_TASK_:
In the listing below, the answer starts at the line that has "妖精的口袋假两件蕾丝拼接印花长袖t恤女2026年早春新款宽松上衣" and stops after the line that has "vào Nam. | ||"; please repeat that part exactly and nothing more.
INFORMATION GIVEN section start
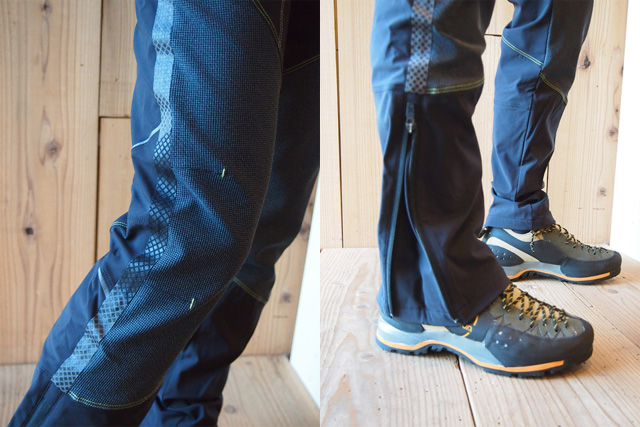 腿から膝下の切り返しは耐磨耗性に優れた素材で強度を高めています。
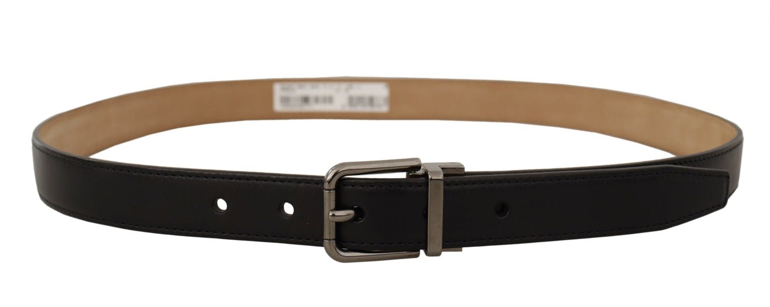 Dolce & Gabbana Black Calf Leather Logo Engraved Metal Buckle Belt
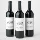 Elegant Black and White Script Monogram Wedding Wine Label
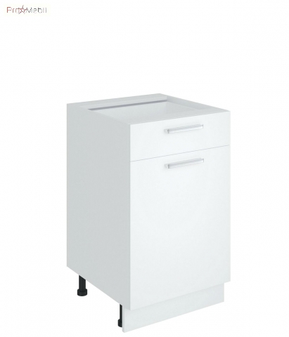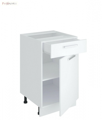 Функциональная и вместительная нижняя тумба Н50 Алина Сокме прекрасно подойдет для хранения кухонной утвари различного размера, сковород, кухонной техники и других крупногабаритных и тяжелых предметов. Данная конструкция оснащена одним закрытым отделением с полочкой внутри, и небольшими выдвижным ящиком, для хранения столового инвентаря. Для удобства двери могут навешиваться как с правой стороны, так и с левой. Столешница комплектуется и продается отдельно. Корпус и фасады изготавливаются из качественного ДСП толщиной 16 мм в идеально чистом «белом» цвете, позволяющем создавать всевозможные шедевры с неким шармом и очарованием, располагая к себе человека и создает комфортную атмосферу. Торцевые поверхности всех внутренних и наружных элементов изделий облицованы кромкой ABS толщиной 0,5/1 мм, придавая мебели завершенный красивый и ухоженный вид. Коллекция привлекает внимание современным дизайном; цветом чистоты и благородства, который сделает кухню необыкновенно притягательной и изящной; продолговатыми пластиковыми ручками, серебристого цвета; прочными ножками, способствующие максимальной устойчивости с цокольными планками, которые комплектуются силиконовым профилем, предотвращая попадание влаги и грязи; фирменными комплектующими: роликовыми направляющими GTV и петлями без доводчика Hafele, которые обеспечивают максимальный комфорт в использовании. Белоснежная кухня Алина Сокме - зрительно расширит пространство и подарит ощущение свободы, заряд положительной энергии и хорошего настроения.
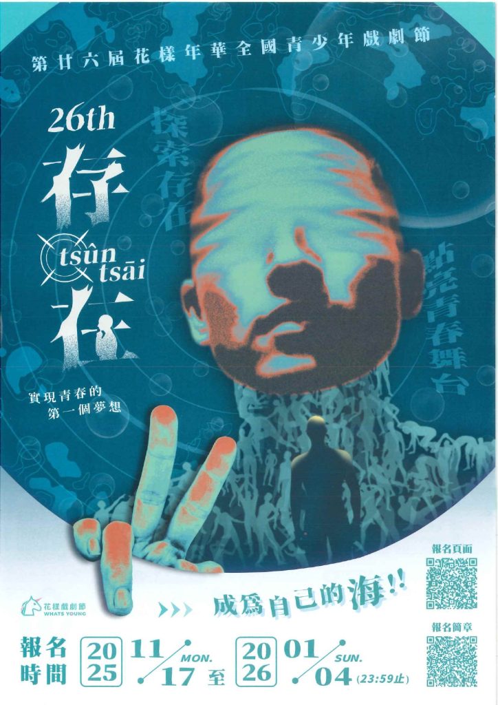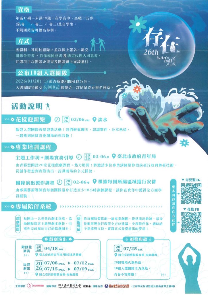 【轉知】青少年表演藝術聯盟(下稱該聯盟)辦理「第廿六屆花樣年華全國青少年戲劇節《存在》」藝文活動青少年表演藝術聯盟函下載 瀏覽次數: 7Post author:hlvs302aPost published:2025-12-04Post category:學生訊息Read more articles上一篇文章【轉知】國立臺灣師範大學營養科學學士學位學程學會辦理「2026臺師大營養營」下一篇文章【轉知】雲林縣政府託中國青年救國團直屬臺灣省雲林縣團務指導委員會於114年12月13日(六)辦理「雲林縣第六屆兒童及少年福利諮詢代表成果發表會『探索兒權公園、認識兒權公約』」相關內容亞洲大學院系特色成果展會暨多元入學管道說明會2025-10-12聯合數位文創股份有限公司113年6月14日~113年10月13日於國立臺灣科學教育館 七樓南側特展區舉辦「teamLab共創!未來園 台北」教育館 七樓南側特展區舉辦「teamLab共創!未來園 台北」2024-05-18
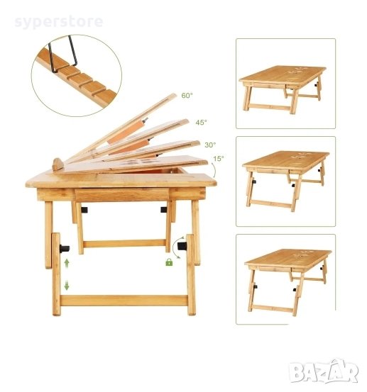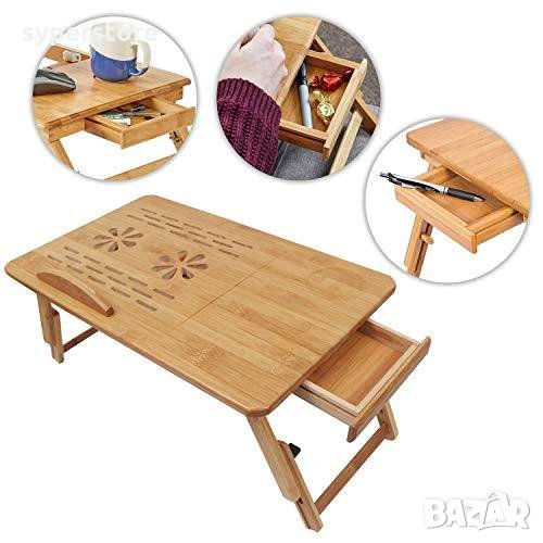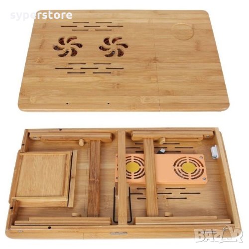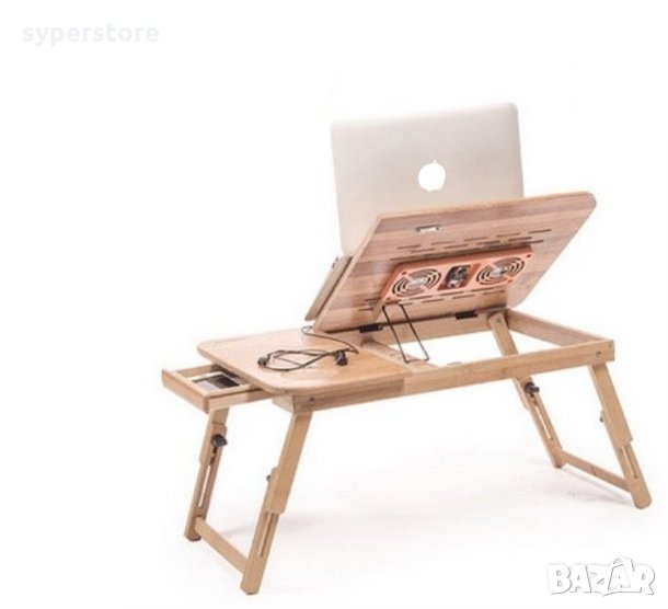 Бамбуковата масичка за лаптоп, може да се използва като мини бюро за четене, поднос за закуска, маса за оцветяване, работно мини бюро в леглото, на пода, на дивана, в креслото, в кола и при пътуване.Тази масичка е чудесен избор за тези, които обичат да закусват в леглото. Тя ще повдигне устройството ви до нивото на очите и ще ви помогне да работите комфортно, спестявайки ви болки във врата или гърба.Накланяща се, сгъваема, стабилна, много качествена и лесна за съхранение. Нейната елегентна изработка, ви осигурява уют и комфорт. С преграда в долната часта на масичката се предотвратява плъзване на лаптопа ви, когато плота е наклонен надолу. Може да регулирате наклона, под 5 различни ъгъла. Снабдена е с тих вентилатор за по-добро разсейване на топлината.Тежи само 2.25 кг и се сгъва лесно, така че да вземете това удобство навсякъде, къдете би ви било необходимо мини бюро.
INFORMATION GIVEN section end
INFORMATION GIVEN section start
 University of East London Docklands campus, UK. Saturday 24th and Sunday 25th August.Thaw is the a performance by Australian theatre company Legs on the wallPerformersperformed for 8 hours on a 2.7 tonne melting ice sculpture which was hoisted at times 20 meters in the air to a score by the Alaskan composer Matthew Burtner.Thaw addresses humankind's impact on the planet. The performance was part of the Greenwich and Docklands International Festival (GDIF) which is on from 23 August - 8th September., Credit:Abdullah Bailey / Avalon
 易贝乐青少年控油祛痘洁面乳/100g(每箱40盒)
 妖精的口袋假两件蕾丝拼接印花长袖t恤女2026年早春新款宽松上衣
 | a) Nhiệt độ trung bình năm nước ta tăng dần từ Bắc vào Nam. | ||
INFORMATION GIVEN section end
_YOUR RESPONSE_:
 妖精的口袋假两件蕾丝拼接印花长袖t恤女2026年早春新款宽松上衣
 | a) Nhiệt độ trung bình năm nước ta tăng dần từ Bắc vào Nam. | ||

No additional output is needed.